### Collected data
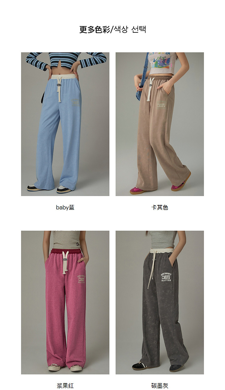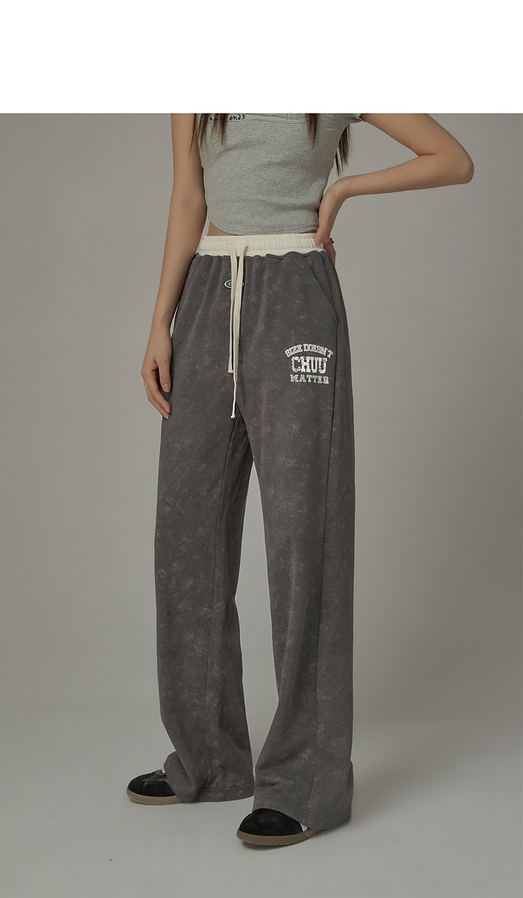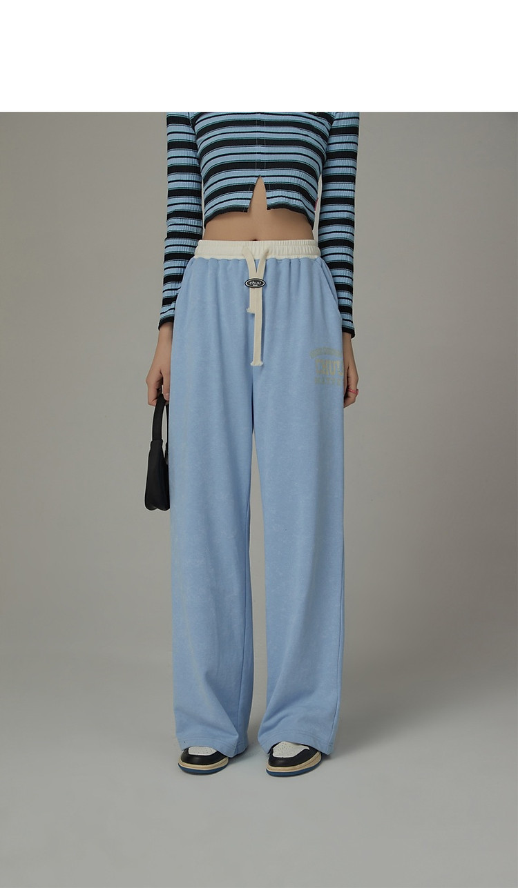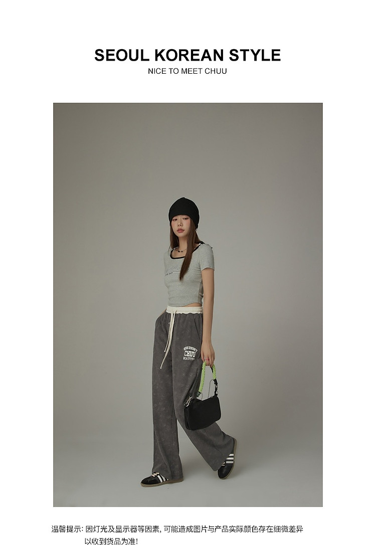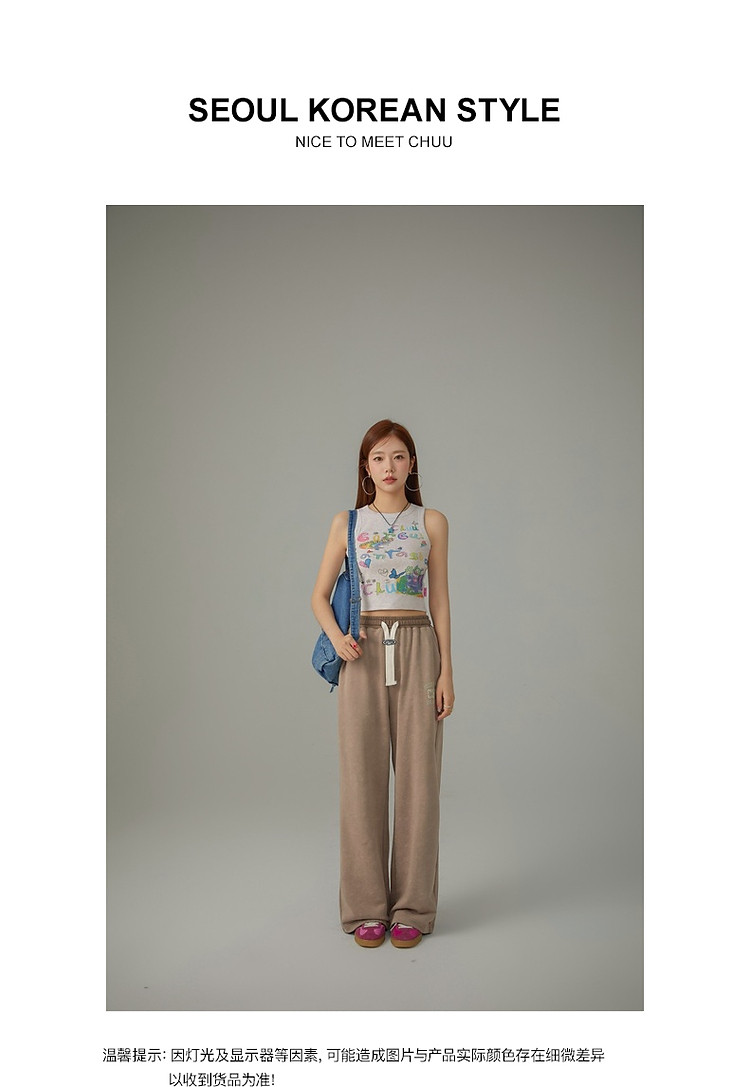 字母系带休闲裤女夏松紧腰宽松长裤阔腿裤子 461587
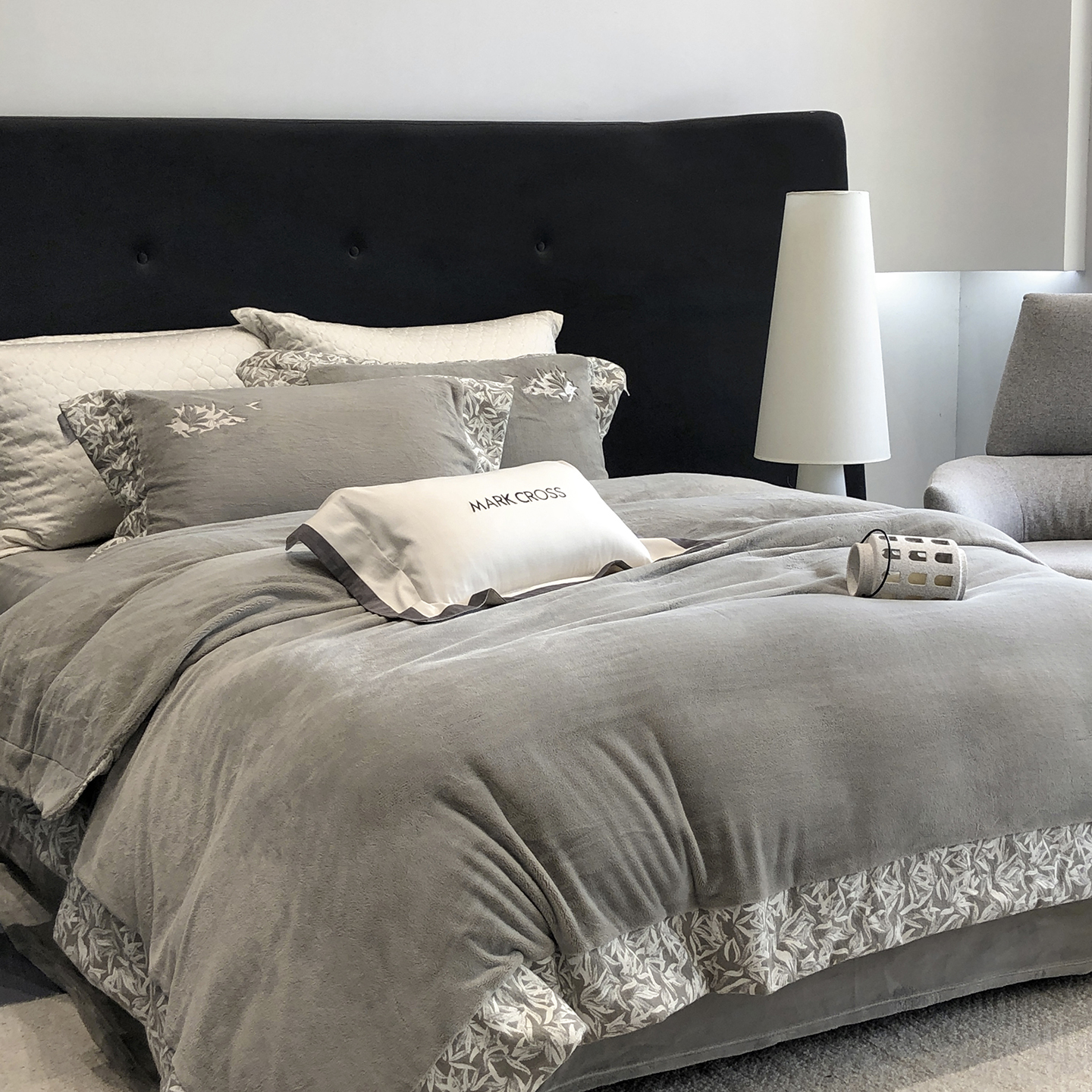 (总)佳汐蓝家纺 2026新款牛奶绒印花流光纱四件套-香奈(券后不低于328元),香奈
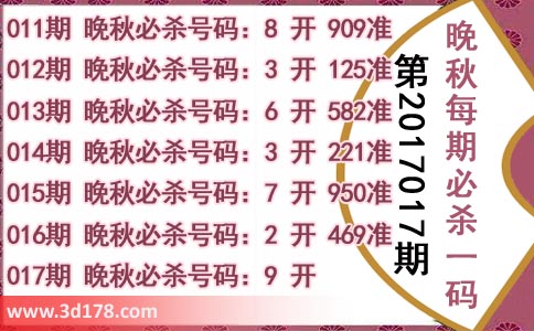 3d第20170017期晚秋杀码图:
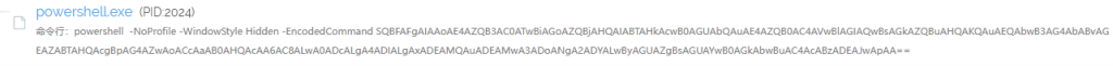 由动态分析进程树部分可见,沙箱捕获到样本执行 Powershell 命令,如图3所示。
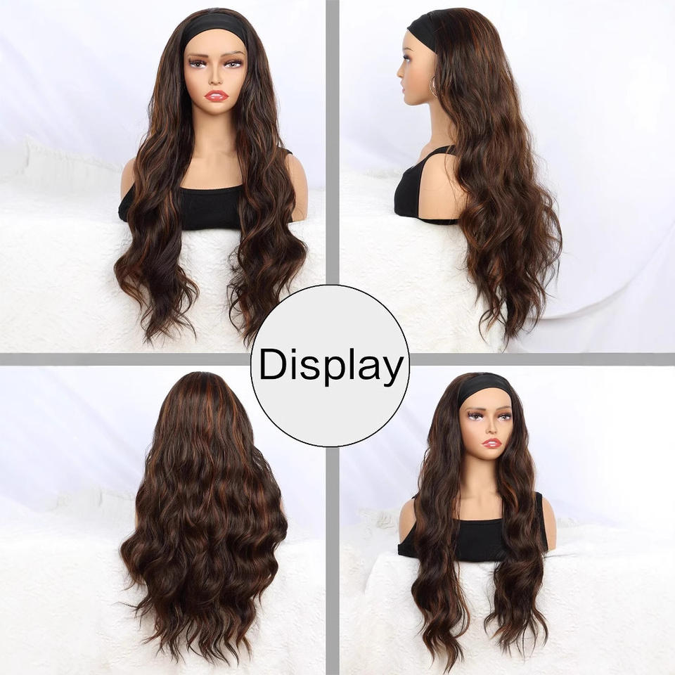 วิกผมสังเคราะห์แบบยาวหยักศก ยี่ห้อในประเทศ ขนาด 24 นิ้ว ลอนใหญ่ไล่เฉดสีบลอนด์น้ำผึ้ง ไม่ต้องใช้กาว สำหรับผู้หญิง
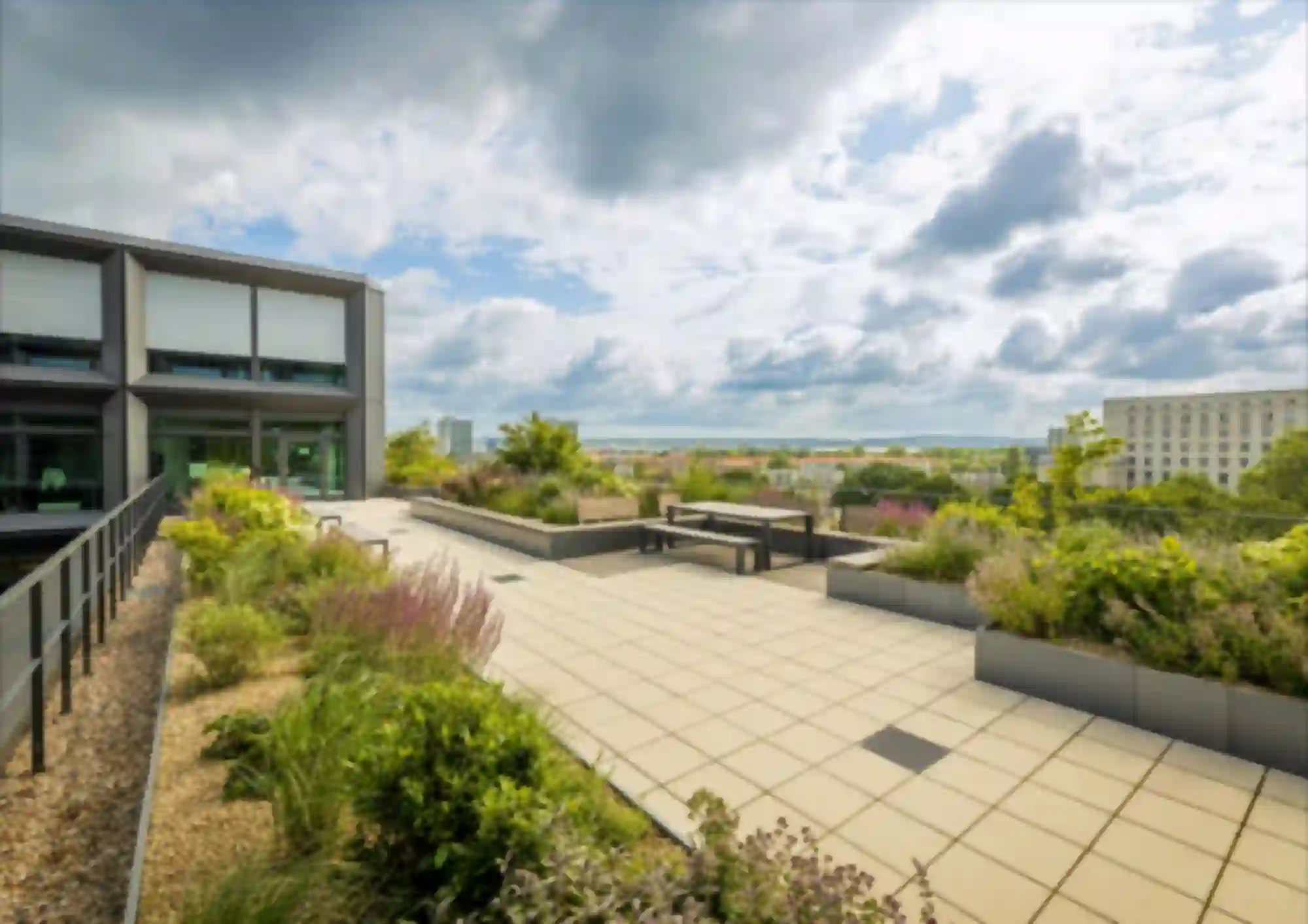Die Außenanlagen im EG sowie im 5. und 6.OG wurden mit dem Ziel geplant, statt einer monotonen Bepflanzung ein üppiges, blühendes, duftendes und in den Dachgärten für die Mitarbeitenden sogar schmackhaftes Grün zu schaffen. Entstanden ist ein außergewöhnlicher Ort mit Blick über das Stadtgebiet, ein inspirierender Aufenthaltsraum im Freien mit einer harmonischen Verbindung von Natur und Funktionalität, welcher von vielen Mitarbeitenden zur Pause oder zum Arbeiten genutzt wird.

### Assignment
Using the data above, copy exactly the lines from the one containing "(总)佳汐蓝家纺 2026新" to the one containing "วิกผมสังเคราะห์แบบยาวหยักศก ยี่ห้อในประเทศ ขนาด", inclusive. Exclude the pictures.

### Output
 (总)佳汐蓝家纺 2026新款牛奶绒印花流光纱四件套-香奈(券后不低于328元),香奈
 3d第20170017期晚秋杀码图:
 由动态分析进程树部分可见,沙箱捕获到样本执行 Powershell 命令,如图3所示。
 วิกผมสังเคราะห์แบบยาวหยักศก ยี่ห้อในประเทศ ขนาด 24 นิ้ว ลอนใหญ่ไล่เฉดสีบลอนด์น้ำผึ้ง ไม่ต้องใช้กาว สำหรับผู้หญิง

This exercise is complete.